▸ **Activity**
Beneath this line are entries. Copy the range from the line with "中秋之际,同学们通过书画表达" to the line with "Tiger-Cat Textured High-Neck", ends included, exactly; leave pictures out.

▸ **Given records**

○ ○ ○ ○ ○ ○ ○

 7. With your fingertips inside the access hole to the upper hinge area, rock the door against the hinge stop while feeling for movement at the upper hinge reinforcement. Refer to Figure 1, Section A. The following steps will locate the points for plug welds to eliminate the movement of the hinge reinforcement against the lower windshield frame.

○ ○ ○ ○ ○ ○ ○

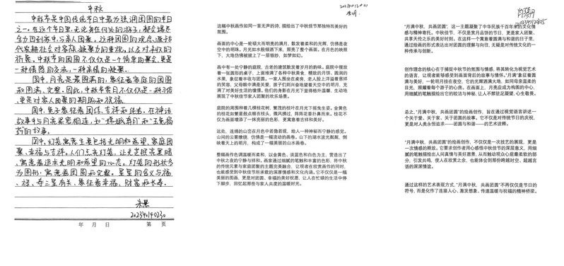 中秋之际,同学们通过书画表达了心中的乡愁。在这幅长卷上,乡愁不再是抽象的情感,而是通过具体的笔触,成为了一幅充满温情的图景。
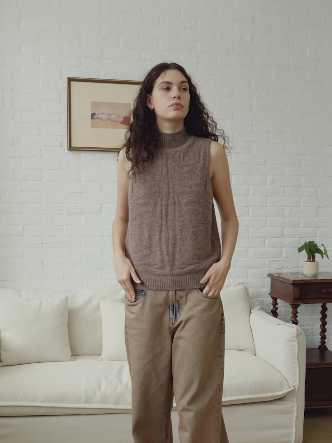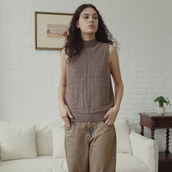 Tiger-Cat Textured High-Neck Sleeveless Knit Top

○ ○ ○ ○ ○ ○ ○

▸ **Result of this task**
 中秋之际,同学们通过书画表达了心中的乡愁。在这幅长卷上,乡愁不再是抽象的情感,而是通过具体的笔触,成为了一幅充满温情的图景。
 Tiger-Cat Textured High-Neck Sleeveless Knit Top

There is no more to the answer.